» EXCERPTED DATA
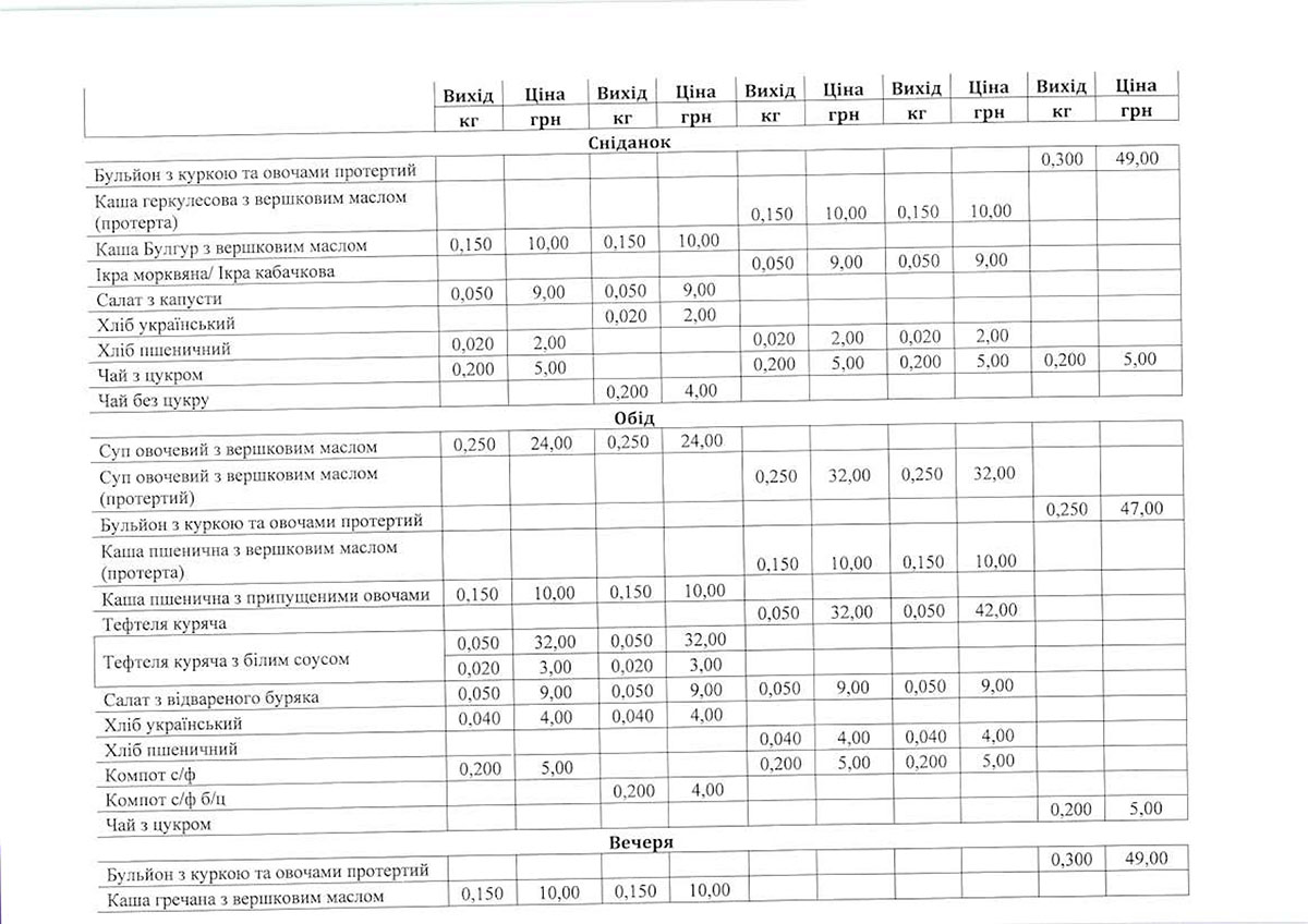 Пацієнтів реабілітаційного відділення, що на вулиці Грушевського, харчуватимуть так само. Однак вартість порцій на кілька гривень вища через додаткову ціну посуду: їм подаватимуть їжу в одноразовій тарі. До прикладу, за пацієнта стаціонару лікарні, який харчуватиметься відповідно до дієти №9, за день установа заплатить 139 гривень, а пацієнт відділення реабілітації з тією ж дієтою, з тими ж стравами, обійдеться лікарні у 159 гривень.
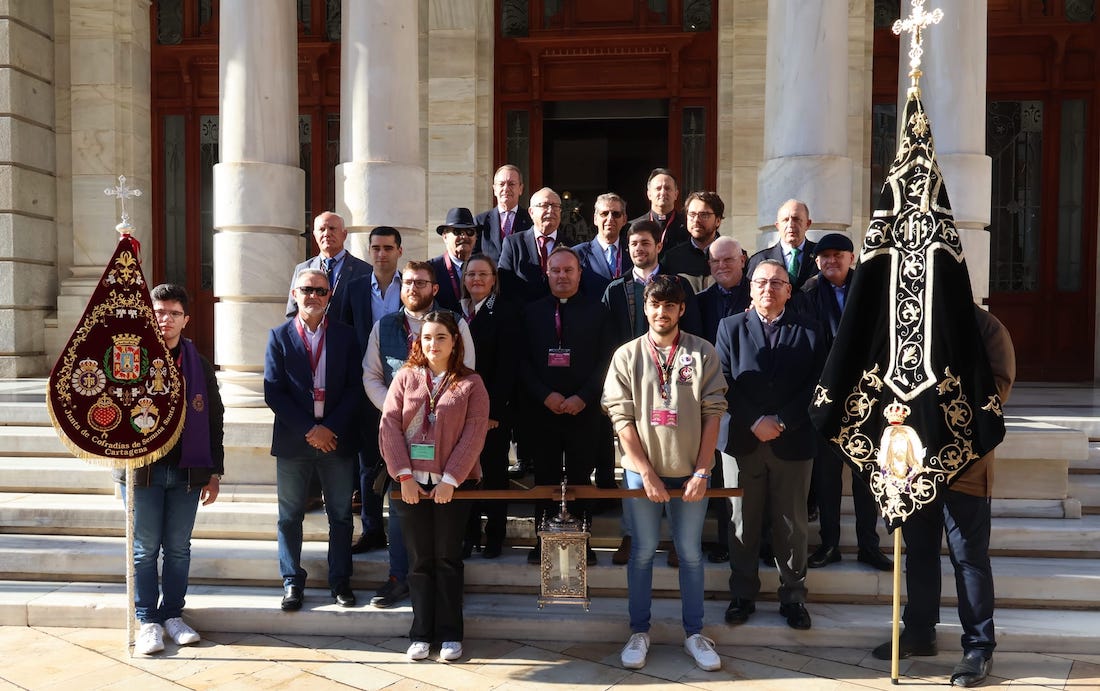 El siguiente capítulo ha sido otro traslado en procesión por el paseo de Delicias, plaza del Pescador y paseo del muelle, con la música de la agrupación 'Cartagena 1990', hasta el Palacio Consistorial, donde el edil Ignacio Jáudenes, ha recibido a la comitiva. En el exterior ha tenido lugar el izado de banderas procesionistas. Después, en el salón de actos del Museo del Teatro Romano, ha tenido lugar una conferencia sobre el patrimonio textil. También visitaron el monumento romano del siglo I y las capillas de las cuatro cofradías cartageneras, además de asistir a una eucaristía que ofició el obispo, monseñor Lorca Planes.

* * *

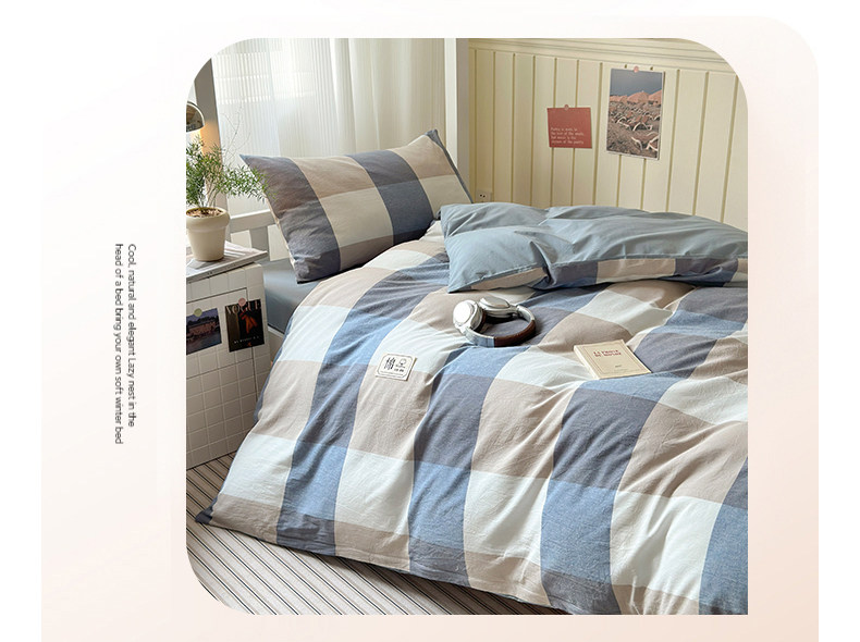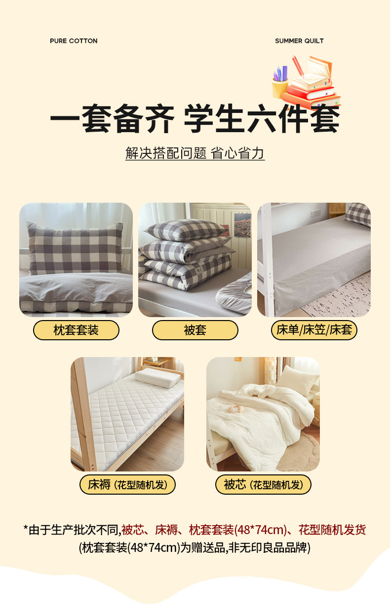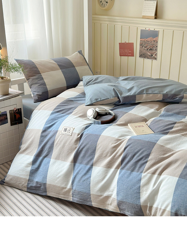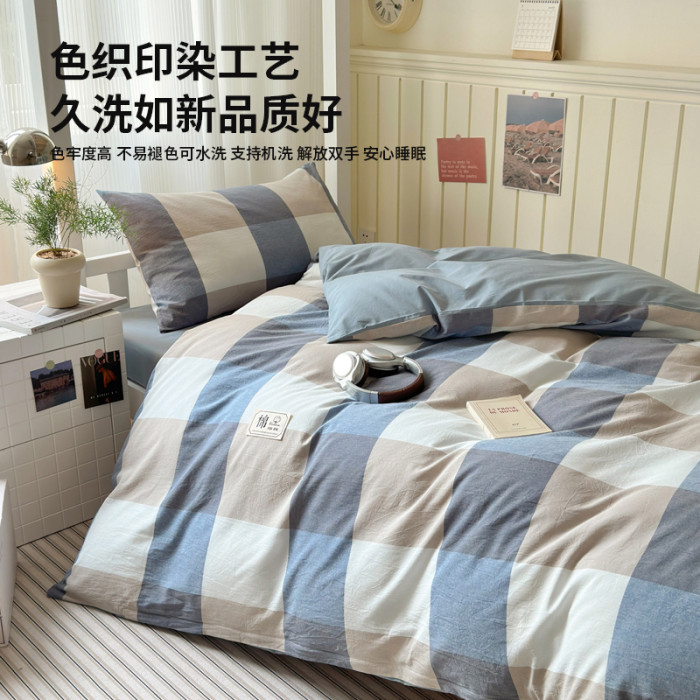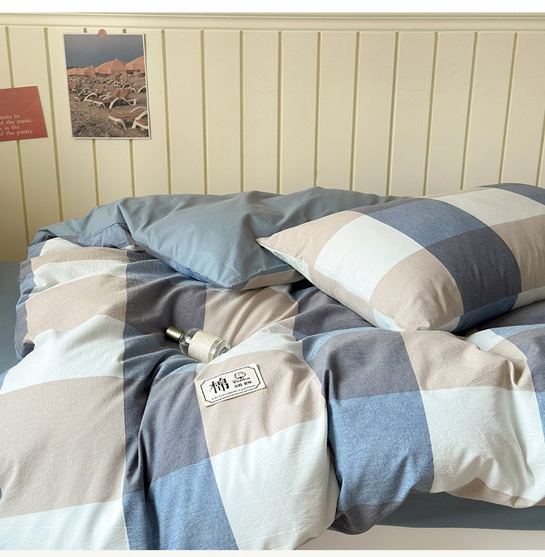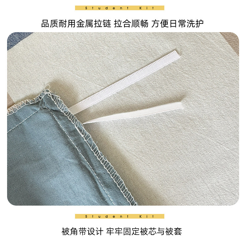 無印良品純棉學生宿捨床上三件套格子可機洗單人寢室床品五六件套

==

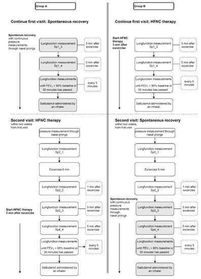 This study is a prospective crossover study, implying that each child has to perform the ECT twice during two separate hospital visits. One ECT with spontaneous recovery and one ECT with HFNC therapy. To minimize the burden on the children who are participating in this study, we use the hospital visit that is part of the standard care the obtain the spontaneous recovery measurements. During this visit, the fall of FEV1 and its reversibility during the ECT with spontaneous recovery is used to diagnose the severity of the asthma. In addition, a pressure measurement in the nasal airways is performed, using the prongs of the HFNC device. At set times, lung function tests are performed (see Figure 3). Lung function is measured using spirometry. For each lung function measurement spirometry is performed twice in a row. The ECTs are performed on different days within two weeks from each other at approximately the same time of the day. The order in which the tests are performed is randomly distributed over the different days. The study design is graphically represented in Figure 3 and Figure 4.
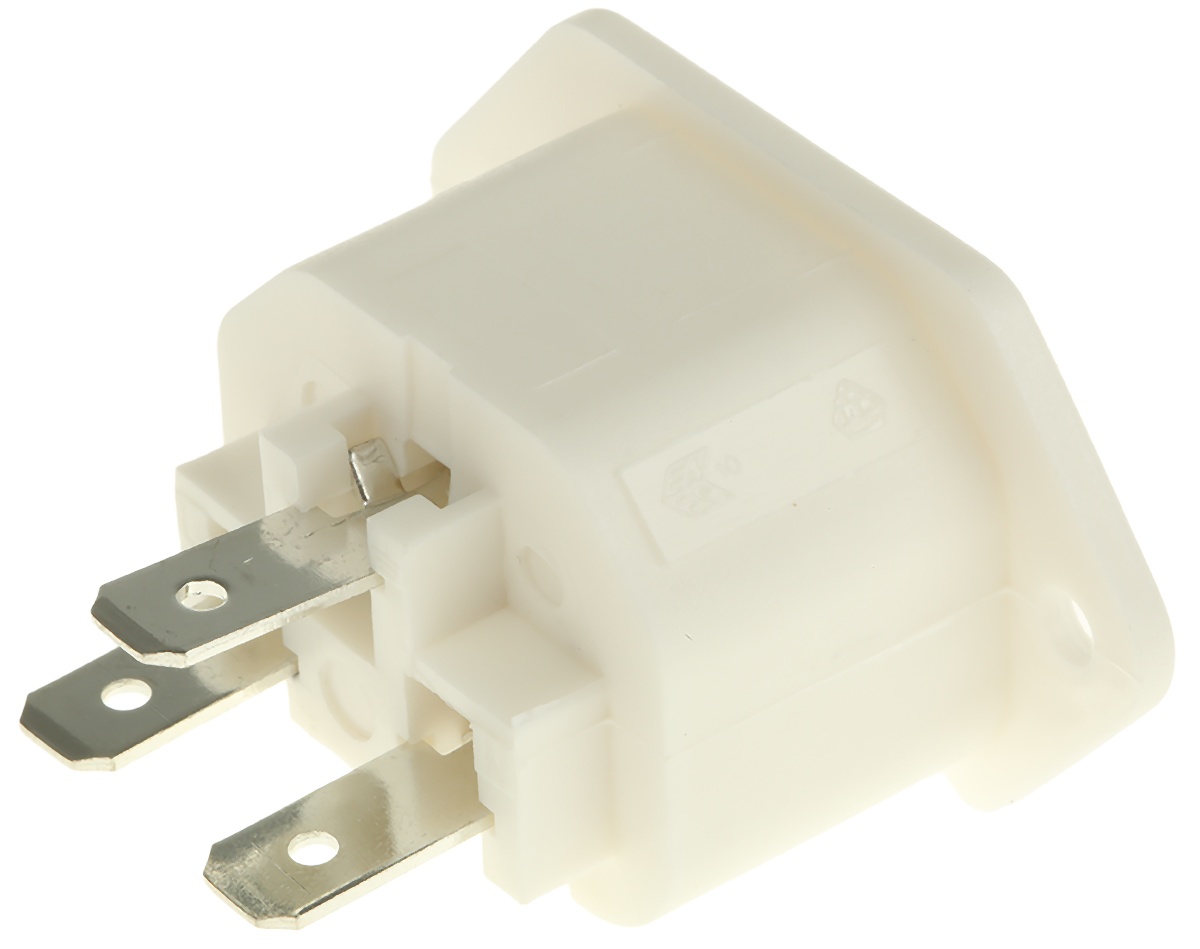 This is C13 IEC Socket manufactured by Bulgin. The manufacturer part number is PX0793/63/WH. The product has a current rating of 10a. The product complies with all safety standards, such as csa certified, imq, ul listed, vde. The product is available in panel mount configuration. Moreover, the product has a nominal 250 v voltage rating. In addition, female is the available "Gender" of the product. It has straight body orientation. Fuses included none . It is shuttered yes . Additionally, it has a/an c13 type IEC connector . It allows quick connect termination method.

» YOUR INSTRUCTIONS
Transcribe only the lines above that start at the line containing "Пацієнтів реабілітаційного відділення, що" and end at the line containing "El siguiente capítulo". Omit pictures.

» TASK ANSWER
 Пацієнтів реабілітаційного відділення, що на вулиці Грушевського, харчуватимуть так само. Однак вартість порцій на кілька гривень вища через додаткову ціну посуду: їм подаватимуть їжу в одноразовій тарі. До прикладу, за пацієнта стаціонару лікарні, який харчуватиметься відповідно до дієти №9, за день установа заплатить 139 гривень, а пацієнт відділення реабілітації з тією ж дієтою, з тими ж стравами, обійдеться лікарні у 159 гривень.
 El siguiente capítulo ha sido otro traslado en procesión por el paseo de Delicias, plaza del Pescador y paseo del muelle, con la música de la agrupación 'Cartagena 1990', hasta el Palacio Consistorial, donde el edil Ignacio Jáudenes, ha recibido a la comitiva. En el exterior ha tenido lugar el izado de banderas procesionistas. Después, en el salón de actos del Museo del Teatro Romano, ha tenido lugar una conferencia sobre el patrimonio textil. También visitaron el monumento romano del siglo I y las capillas de las cuatro cofradías cartageneras, además de asistir a una eucaristía que ofició el obispo, monseñor Lorca Planes.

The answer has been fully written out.